Маленькая трагедия Пушкина, воскрешающая легенду о композиторе Антонио Сальери, якобы отравившем великого Моцарта, излагает не столько чисто сюжетную сторону легенды, сколько философски осмысляет трагедию посредственности, столкнувшейся с натурой гениальной. Трагедия Пушкина как бы создана для того, чтобы к ней прикоснулся большой композитор. И величие таланта Римского-Корсакова раскрывается в этом небольшом сочинении с подкупающей силой.

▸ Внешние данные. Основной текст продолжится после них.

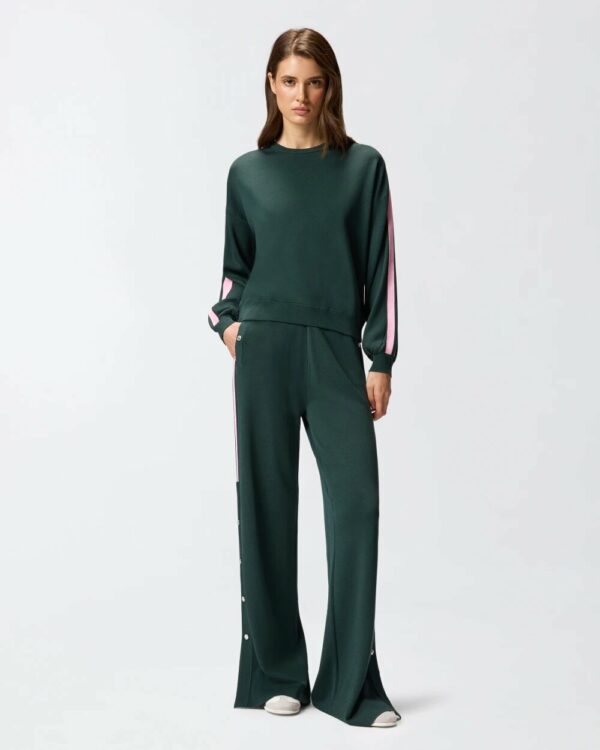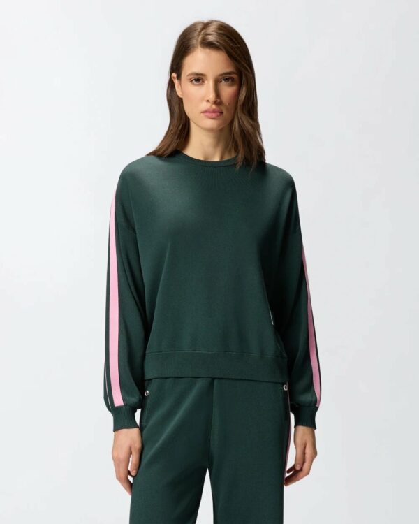 Felpa girocollo sportiva a maniche lunghe, realizzata in piquet effetto felpa tecnica, profilata con bande laterali a contrasto. Girocollo, orlo e polsini sono elasticizzati e lavorati a coste, mentre il tocco finale è dato dal maxi logo Love Birds impresso sul retro. Il capo è stato sottoposto a prove di finissaggio per ridurre al minimo la possibile formazione di pilling, garantendo una maggiore morbidezza e durabilità del tessuto. Abbina il design ai pantaloni dello stesso materiale per un look sportivo da manuale.

Римский-Корсаков познакомил руководителей и артистов Мамонтовского театра с только что законченным произведением во время гастролей театра в Петербурге постом 1898 года. Сразу же было решено, что опера принимается к постановке. Сразу же распределились и роли: Моцарт — В. П. Шкафер, Сальери — Шаляпин. Оперу ставил Мамонтов, но, можно сказать, что душой этой постановки был М. А. Врубель, писавший эскизы декораций и костюмов. Он ввел артистов в атмосферу Вены XVIII века, дал им ощутить стиль времени, раскрыл философскую и психологическую сторону коллизии. В этой работе он проявил себя настоящим режиссером, прекрасно слышащим музыку и постигающим ее движение. Подолгу сидел он на уроках, вслушиваясь в партии исполнителей, прежде чем садиться за эскизы. Его декорации и костюмы полностью соответствовали духу партитуры Римского-Корсакова, над которой с огромным увлечением работал С. В. Рахманинов.